I was thinking about the state thing
1v1, 4 very different damaging skills, without debuffs and buffs for 8 turns has:
53558 different states
4 294 967 296 branch ends with minimax

I was thinking that maybe you could bundle similar damages together and the number of states would be even more lower

But I got discouraged about thinking it in terms of states after I was thinking about attack buffs and defense debuffs. They will make a lot more states, because they alter the damage done of all the 4 damaging skills and then you could even have multiple buffs and debuffs and even stack them up to 6 times. Also I think switching complicates things as well, but was discouraged by the approach earlier so haven't thought about how much does it do that

distant adder
#

It's good to size the problem, helps figure out an appropriate method. With a classical method it would be easier to develop the explanations but you probably need some kind of deep method to handle the states.
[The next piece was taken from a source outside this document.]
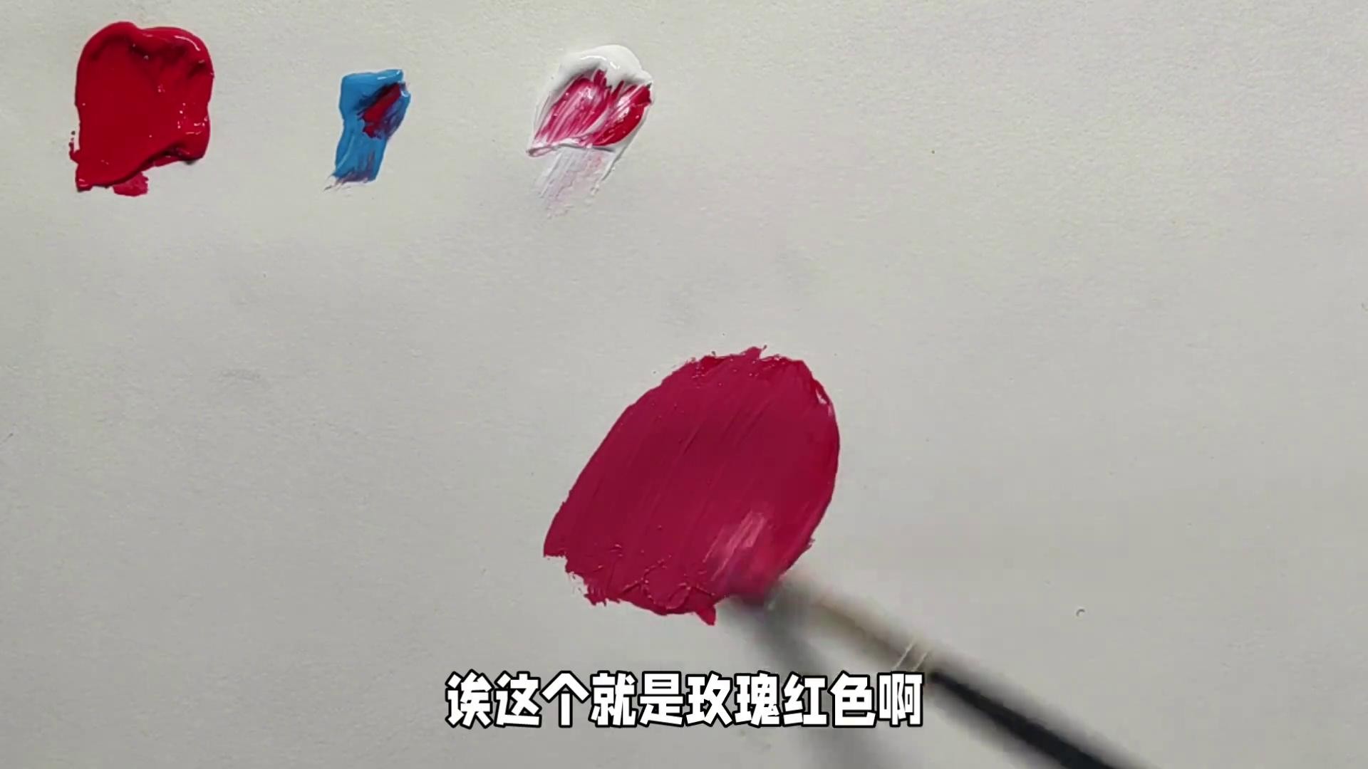 - 那么蓝色一定要少,稍微加一丁点儿,加一丁点儿蓝色,不要多加一丁点。看本来这颜色就少,然后就弄了一点,这个时候要加一点白,加一点白色,再加一点白色,这个就是玫瑰红色,非常的简单。

If you use the AlphaGo type model you will get a kind of explanation in that you will be able to output what the model thinks are the best scoring series of moves from the current position - this would be my preference. You may then want some explanation generator to produce something in text. Other models, such as dqn, you can also do that but only for the past moves because it doesn't look forward in the same way. Also, I don't think dqn will manage as well because the games are potentially so long it is likely to see states that are very different to those previously experienced in training.